→ **Task description**
Exactly as written, output the lines below starting from the first and ending with the line that contains "- 3 scenarios"; omit pictures.

**** Provided records ****

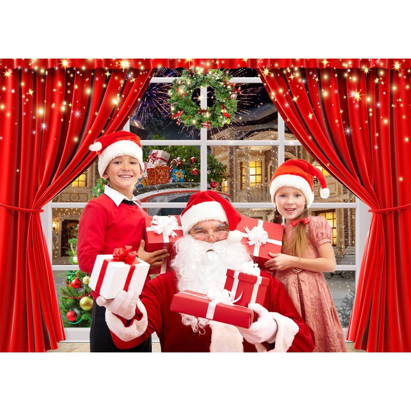 Alltten 7X5FT Christmas Backdrop Winter Xmas Outside Window Firework Scene Backdrop Christmas Party Decorations Backdrop Family Xmas New Year Party Supplies F102
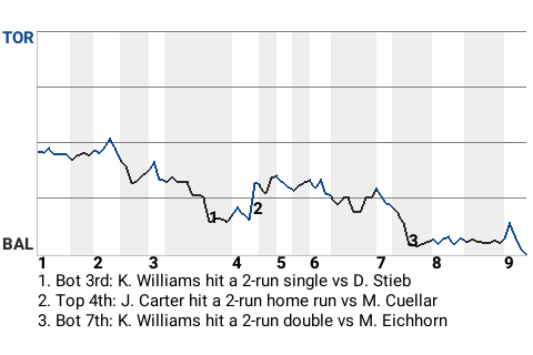 Baltimore took a 5-2 lead on Ken Williams's 26th double of the season. The 2-run double, which Williams hit in the bottom of the seventh, left Toronto pitcher Mark Eichhorn shaking his head.
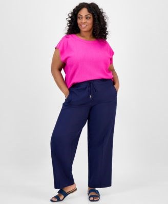 Наслаждайтесь комфортом и стилем с этими брюками большого размера с завязками от Jones New York, выполненными из легкой льняной смеси.
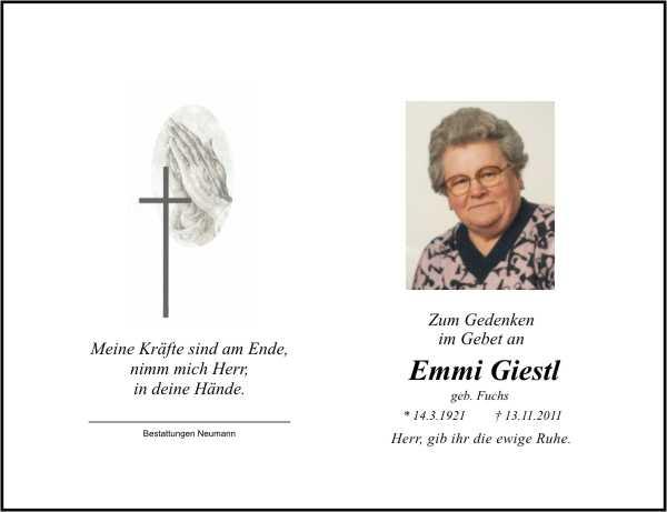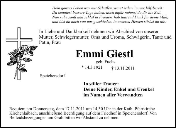 Requiem am Donnerstag, dem 17.11.2011 um 14.30 Uhr in der Kath. Pfarrkirche Kirchenlaibach, anschließend Beerdigung auf dem Friedhof in Speichersdorf. Von Beileidsbezeigungen am Grab bitten wir Abstand zu nehmen.
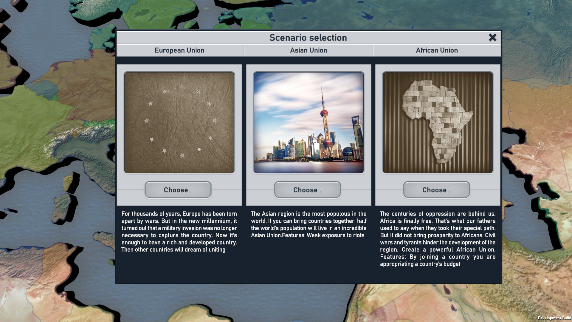 - 3 scenarios available (Europe, Asia, Africa)- 6 types of resources
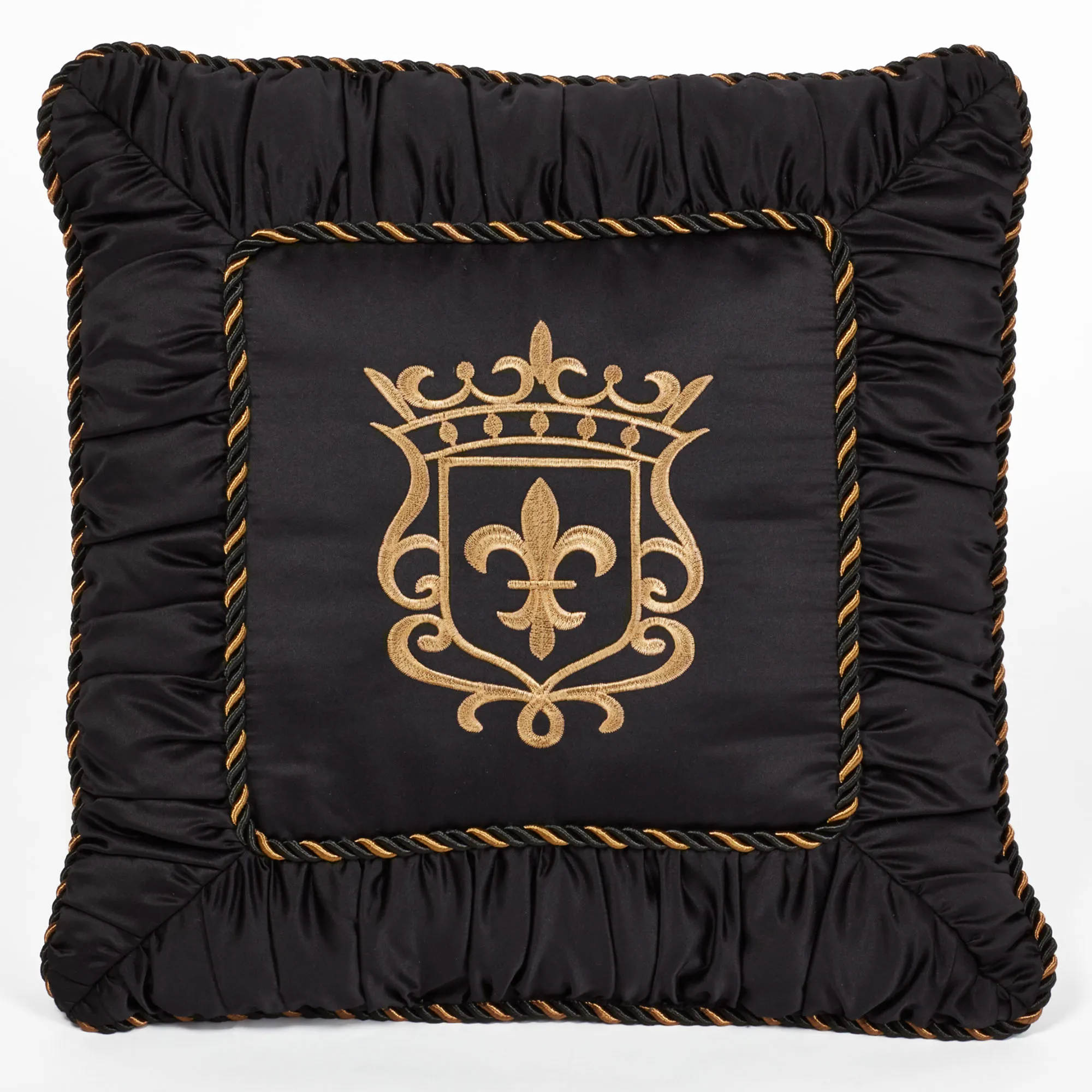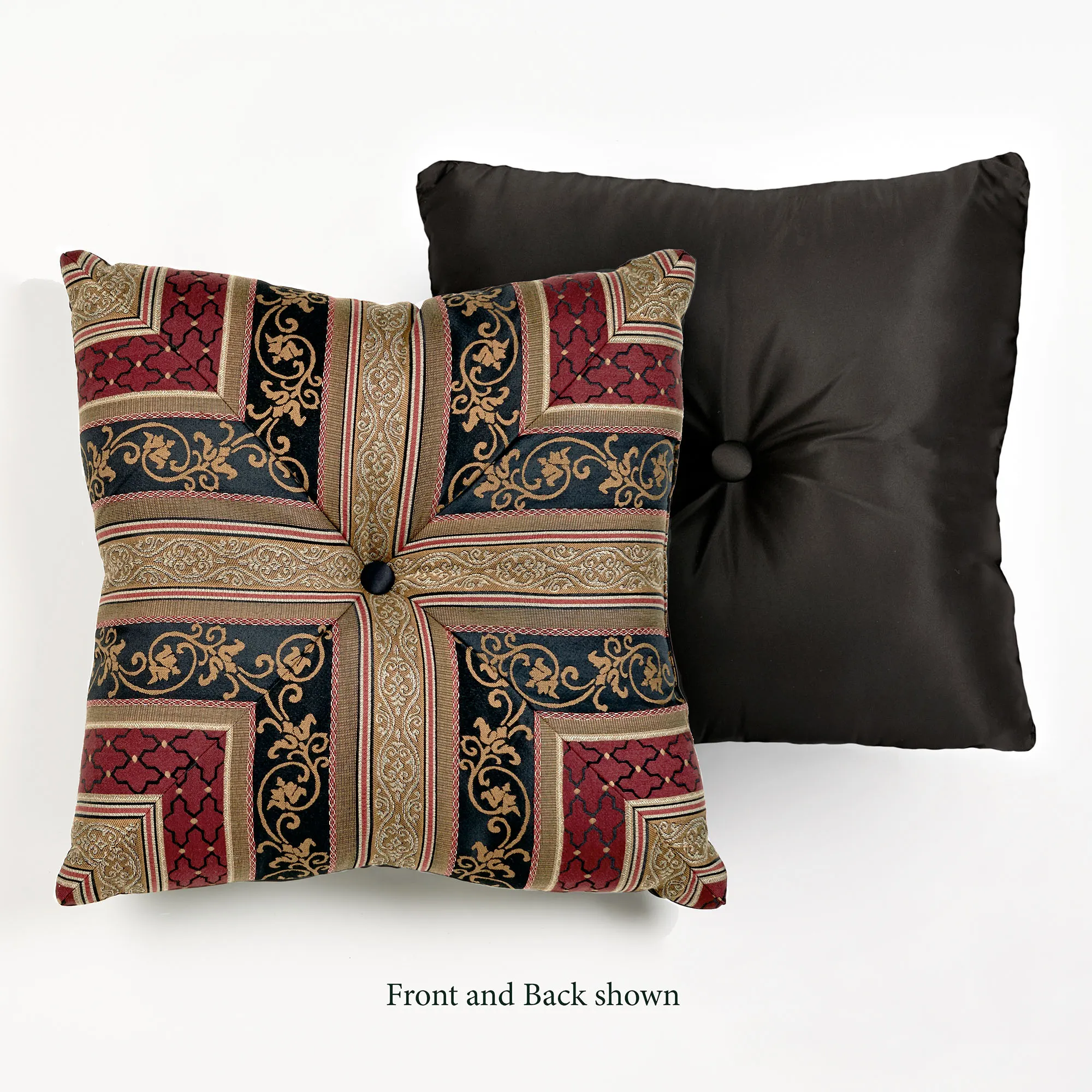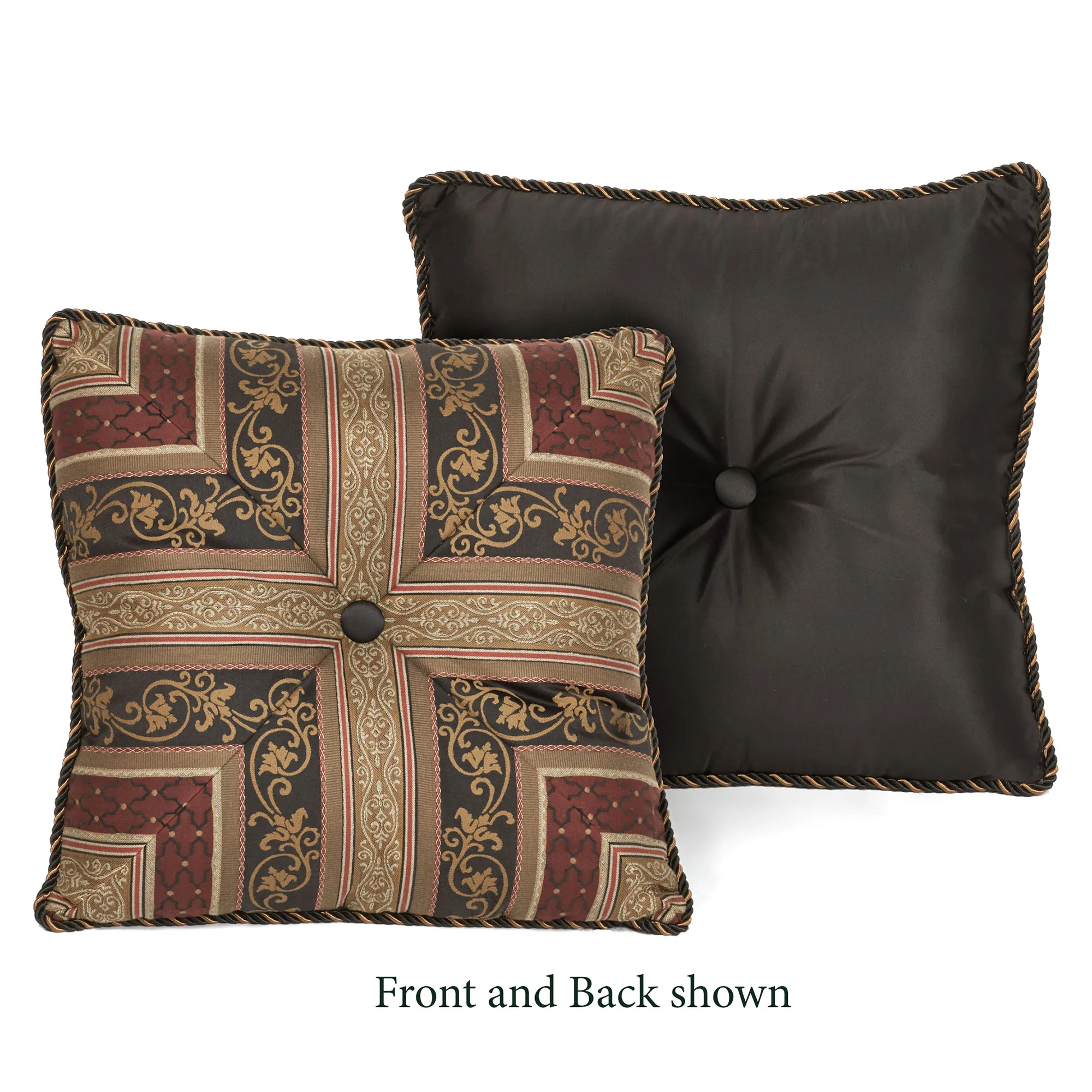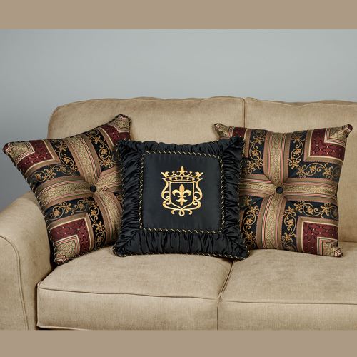 The polyester Triomphe Decorative Pillows have a refined Old World style. The black Embroidered Square Pillow, 18", has an embroidered gold crest and twist cording; outer edges are shirred. The pieced, mitred Tailored Square Pillow, 20", has a stripe pattern, scrolling leaves, geometrics, and a button tuft; back is black. The pieced, mitred Corded Square Pillow, 20", has a stripe pattern, scrolling leaves, geometrics, a button tuft, and cording; back is black. The stripe pattern includes rich colors of burgundy, gold, black, ivory, taupe, and ember glow. Fill is polyester. Spot clean. Imported.

****

→ **Solution below**
 Alltten 7X5FT Christmas Backdrop Winter Xmas Outside Window Firework Scene Backdrop Christmas Party Decorations Backdrop Family Xmas New Year Party Supplies F102
 Baltimore took a 5-2 lead on Ken Williams's 26th double of the season. The 2-run double, which Williams hit in the bottom of the seventh, left Toronto pitcher Mark Eichhorn shaking his head.
 Наслаждайтесь комфортом и стилем с этими брюками большого размера с завязками от Jones New York, выполненными из легкой льняной смеси.
 Requiem am Donnerstag, dem 17.11.2011 um 14.30 Uhr in der Kath. Pfarrkirche Kirchenlaibach, anschließend Beerdigung auf dem Friedhof in Speichersdorf. Von Beileidsbezeigungen am Grab bitten wir Abstand zu nehmen.
 - 3 scenarios available (Europe, Asia, Africa)- 6 types of resources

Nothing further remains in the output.